Geoeconomic fragmentation is costing the global economy between $213 billion and $307 billion every year, a World Economic Forum report said [1].
This trend signals a shift away from global integration toward fragmented trade blocs. Such a transition threatens to destabilize international markets and disproportionately harm lower-income nations that rely on open trade for growth.
The report, released June 5, 2026, in Geneva, Switzerland, highlights how increasing geopolitical tensions are driving the current trend [1]. These tensions lead to higher trade barriers and a reduction in cross-border economic integration, which in turn increases costs for businesses and consumers [1], [3].
While the total global cost is significant, the impact is not distributed evenly. The World Economic Forum said that developing economies face the steepest risks, with potential output losses reaching up to 10.7 percent [2]. This loss reflects the vulnerability of these nations to shifts in global supply chains and the loss of market access.
Other summaries of the findings describe the annual cost as almost $200 billion to $300 billion [3]. The disparity in these figures stems from different reporting summaries, though the primary data emphasizes the higher range of $213 billion to $307 billion [1].
Fragmentation occurs when countries prioritize security and political alignment over economic efficiency. This process often manifests as tariffs, export restrictions, and the decoupling of critical technologies — moves that the report said are eroding the foundations of global commerce [1], [3].
“Geoeconomic fragmentation is costing the global economy between $213 billion and $307 billion every year.”

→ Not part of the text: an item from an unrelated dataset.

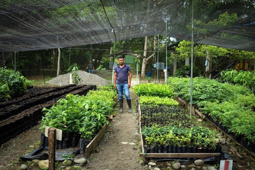 Armando Aroca Sanchez, représentant légal de la coopérative Comuccom, dans la pépinière. Menacé, il vit désormais dans une autre région du pays avec sa famille et ne revient qu’occasionnellement.  ©Nolwenn Jaumouillé/Vert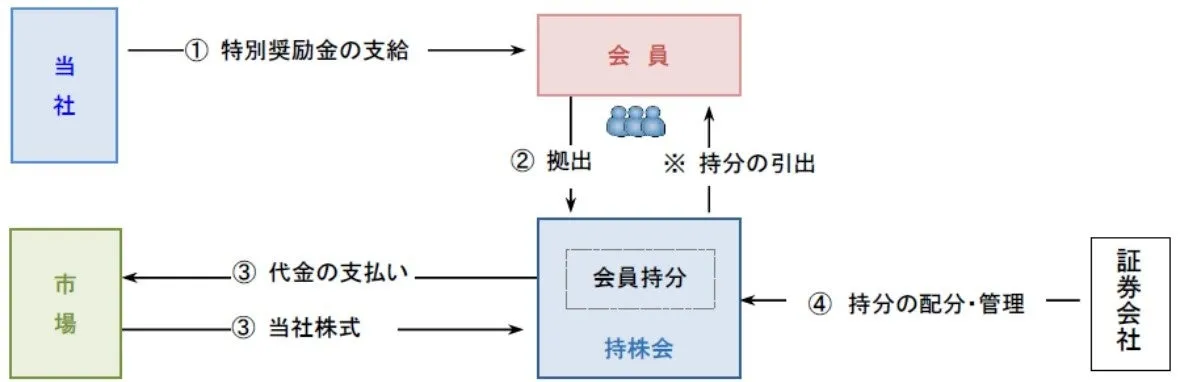 3. 持株会は拠出された奨励金を用いて市場から当社株式を取得。

The findings suggest a transition from a globalized economy to a 'multipolar' trade system. This shift implies that political loyalty and national security are now outweighing the traditional economic logic of comparative advantage. For developing nations, this creates a precarious environment where they may be forced to choose between competing trade blocs, potentially stalling industrialization and increasing poverty levels due to lost output.